DATA FOR ANALYSIS:
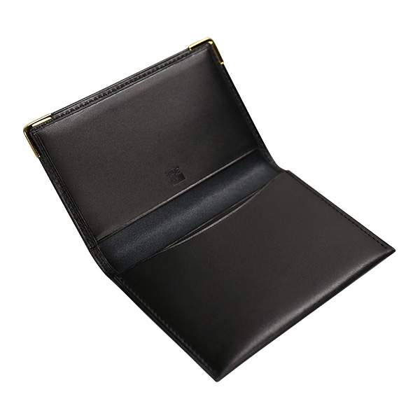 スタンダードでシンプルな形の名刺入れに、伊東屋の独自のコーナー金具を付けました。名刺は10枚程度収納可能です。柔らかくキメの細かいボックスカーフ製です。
...
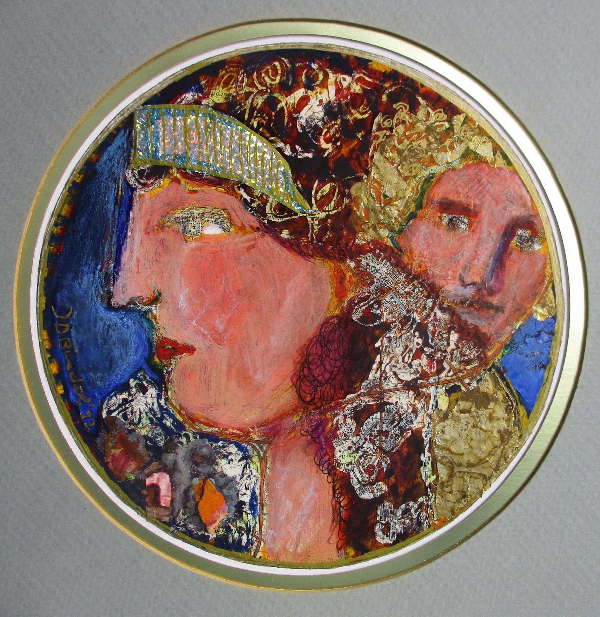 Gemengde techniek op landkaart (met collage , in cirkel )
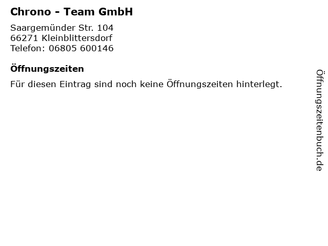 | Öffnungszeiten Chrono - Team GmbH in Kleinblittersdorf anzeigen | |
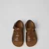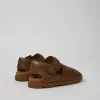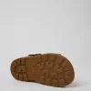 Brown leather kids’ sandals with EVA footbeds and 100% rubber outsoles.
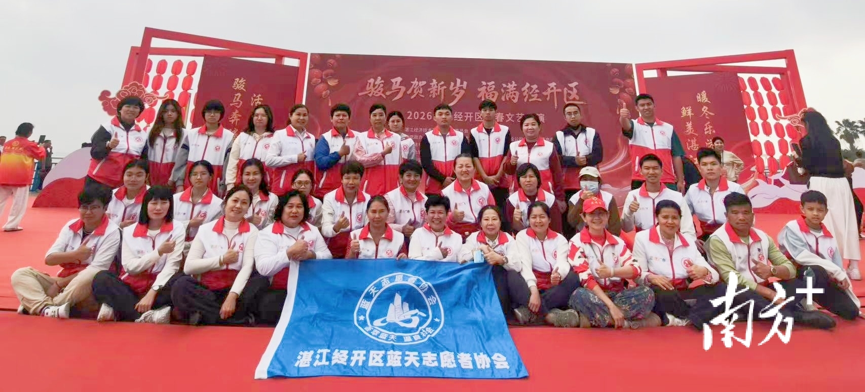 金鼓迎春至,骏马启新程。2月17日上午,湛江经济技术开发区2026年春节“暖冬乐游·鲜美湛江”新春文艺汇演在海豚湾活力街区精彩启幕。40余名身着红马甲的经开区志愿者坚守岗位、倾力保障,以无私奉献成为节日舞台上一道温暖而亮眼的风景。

TASK ITEM: Start at the line above containing "anzeigen | |" and stop at the line containing "金鼓迎春至,骏马启新程。2月": print those lines and everything between them exactly, but not the pictures.

SOLUTION FOR THIS PROBLEM:
 | Öffnungszeiten Chrono - Team GmbH in Kleinblittersdorf anzeigen | |
 Brown leather kids’ sandals with EVA footbeds and 100% rubber outsoles.
 金鼓迎春至,骏马启新程。2月17日上午,湛江经济技术开发区2026年春节“暖冬乐游·鲜美湛江”新春文艺汇演在海豚湾活力街区精彩启幕。40余名身着红马甲的经开区志愿者坚守岗位、倾力保障,以无私奉献成为节日舞台上一道温暖而亮眼的风景。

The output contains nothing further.